A newer trend in content markup has been in response to internationalization: support for textual alternatives such as translations and transliterations, which is robustly implemented in both JATS and ePub3. As content markup moved beyond just creating printed pages to managing collections of text and media, packaging has become a key issue. The ePub standards include the most robust and elegant solution to date.

In the history of content markup languages, the most significant change has been the move from rendition to structure. TeX was a rich typesetting language; LaTeX was a set of macros built on TeX that associated formatting with structure. SGML and XML were focused on structure but rendition elements were present in varying degrees. HTML was both presentation and structure along with dynamic reflowable rendition. EPub supported reflowable rendition but now ePub3 also supports fixed layout, so the pendulum can swing both ways as standards evolve.

HTML5 is a big change from early HTML: it is now more “structurally semantic” and presentation has been moved to the CSS vocabulary. So it is much more like a document DTD in the XML tradition with rich structural markup. An amusing example of this profound change is the group of elements that in HTML4 were called “font style elements” and now in HTML5 are called “text level semantics”. The “” element definition changed from “renders as italic text style” to “represents a span of text in an alternate voice or mood.” This is a recent instance of a key markup design choice that has been on the table since the earliest days of SGML.

Content markup standards are inherently complex so there can be a wide variety in how they are used. Standardization of usage can be at various levels: within a single work, a collection, a publisher, or a genre. Usage can also change over time. These practices are defined as “usages profiles” and include how one standard invokes another.
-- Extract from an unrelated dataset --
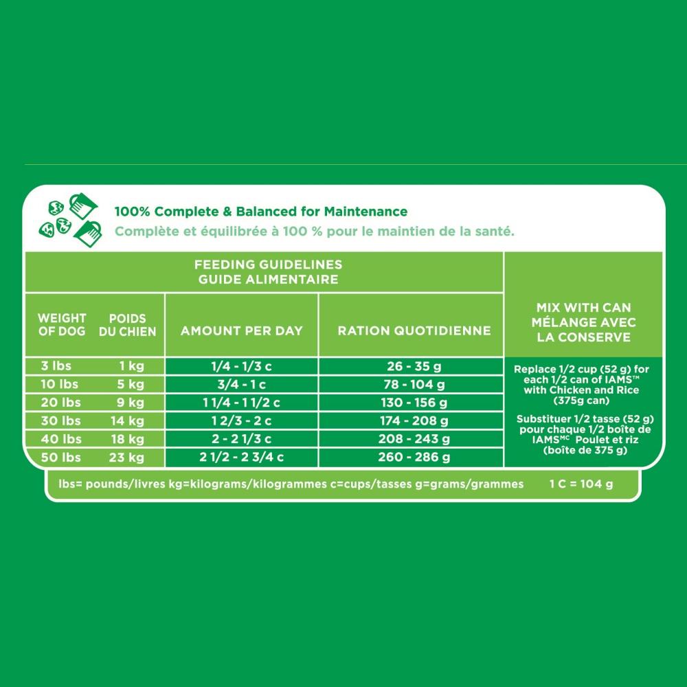 Shop / Iams / Iams ProActive Health Adult MiniChunks Dry Dog Food 15lb Iams ProActive Health Adult MiniChunks Dry Dog Food 15lb IAMS Weight: 15 lb $29.99 15-lb Purchase Options Free In-Store Pick Up Not Available Save 20% on orders $100+ Set your store for inventory and store pickup details Zip Code Search Same-day Delivery* No minimum charge for delivery orders. *Order before 2pm and have it delivered today. Orders placed after 2pm will be delivered the next day. Must be inside delivery radius. Zip Code Unfortunately delivery is not available to this address. In order to ensure the best availability accuracy, changing your selected store will remove all items from your cart. You will need to re-add these items with your newly selected store if you choose to continue. Continue Cancel Ship it to Me Quantity Add To Cart Feeding guide disclaimer ✕ Feeding guides provide a starting point for the amount of food to give your pet each day. We recommend that you keep your pet in ideal body condition and not allow them to become overweight. The amount of food your pet needs can vary based on age, activity level or other food and treats given, so be sure to work with your veterinarian to determine an appropriate weight for your pet, and to make any necessary adjustments to their feeding. Information Satisfy your small dog's craving for real meat proteins, and give them 100% complete and balanced nutrition with IAMS PROACTIVE HEALTH Adult Minichunks Dry Dog Food. Our hearty dog food is made with real chicken as the first ingredient. Your active dog's favorite pet food, now in a smaller kibble size, delivers the hearty protein they need to maintain lean muscles. Plus, it includes L-carnitine to help burn fat and promote a healthy metabolism. IAMS PROACTIVE HEALTH Dog Food also is formulated with seven essential nutrients to nourish your dog's heart. Your dog will feel the benefits of our wholesome dog food, and you will notice their healthier skin, shinier coat and reduced tartar buildup. Best of all, IAMS PROACTIVE HEALTH Food for Active Dogs is made without fillers or artificial preservatives, so you can be confident that your adult dog is getting wholesome nutrition in every small bite. Ingredients Chicken, Ground Whole Grain Corn, Ground Whole Grain Sorghum, Chicken By-Product Meal, Dried Beet Pulp, Natural Flavor, Chicken Fat (preserved with mixed Tocopherols), Dried Egg Product, Potassium Chloride, Flaxseed, Caramel Color, Salt, L-Lysine Monohydrochloride, Choline Chloride, Carrots, Tomatoes,Calcium Carbonate, Fructooligosaccharides, Spinach, Green Peas, Minerals (Ferrous Sulfate, Zinc Oxide, Sodium Selenite, Manganese Sulfate, Copper Sulfate, Manganous Oxide, Potassium Iodide), Vitamins (Vitamin E Supplement, Ascorbic Acid, Calcium Pantothenate, Vitamin A Supplement, Biotin, Thiamine Mononitrate (source of Vitamin B1), Vitamin B12 supplement, Niacin, Riboflavin Supplement (source of Vitamin B2), Inositol, Pyridoxine Hydrochloride (source of Vitamin B6), Vitamin D3 Supplement, Folic Acid), Dried Brewers Yeast, DL-Methionine, Dried Apple Pomace, L-Carnitine, Dried Blueberry Pomace, Mixed Tocopherols, Rosemary Extract. Guaranteed Analysis Nutrient Guaranteed Units Crude Protein 25.0% min Crude Fat 14.0% min Crude Fiber 4.0% max Moisture 10.0% max Ash 8.0% max Calcium 1.05% min Calcium 1.8% max Phosphorus 0.7% min Phosphorus 1.25% max L-Carnitine 40 mg/kg min Omega-6 Fatty Acids 2.15% min Omega-3 Fatty Acids 0.14% min Customers also liked Customer Reviews

For example, ePub uses a specific profile of HTML5. Meanwhile, JATS4R (JATS for Reuse) is a newly developing profile defining a subset of the JATS standard.

When designing content management solutions using content markup standards, there are many key issues. The highest-level choice is whether to use a delivery format or a master format from which multiple renditions can be generated; the new rich design of HTML5 means that it could potentially be both. Reusability of content, present and future, is another key solution requirement. As standards will inevitably evolve over time, version control of both content and specification/standardization is critical to protecting the future use of the content.

Metadata management is a long-standing design challenge: is it embedded or extracted from the content or managed externally? A robust workflow solution has to manage not only the structured markup but also the content itself; e.g., editorial preferences such as section headings. Controlling content styling is not a functionality of markup languages but can be managed with pre-edit and validation tools that connect the markup structure with editorial guidelines.

The NISO JATS standard is the most-used standard in the journal publishing space. It is a massive content markup vocabulary with rich markup for front matter and citations. Because it is complex, usage is wildly variable across the community. EPub3, described as a “distribution and interchange format”, is a great set of components that goes beyond just content markup: package, metadata, rendition, and semantic support such as RDFa. Because of the change of HTML5 toward structure markup, the difference between JATS and ePub has diminished.

In the past, the differences between the books and journals communities were significant. Books had strong metadata needs driven early on by the book-selling process; journals later moved to significant metadata exchange. As e-book readers were industry tools, book publishers had to support industry standard applications. Online journal publishers focused on HTML and PDF on hosting platforms. In the last decade, the differences have diminished as the rise of mobile reading devices as reader platforms has impacted both books and journals. Some journal publishers started using ePub to deliver articles or entire issues.

As the standards landscape continues to evolve, long-term success will depend on leveraging community expertise and implementing standards using robust content management practices.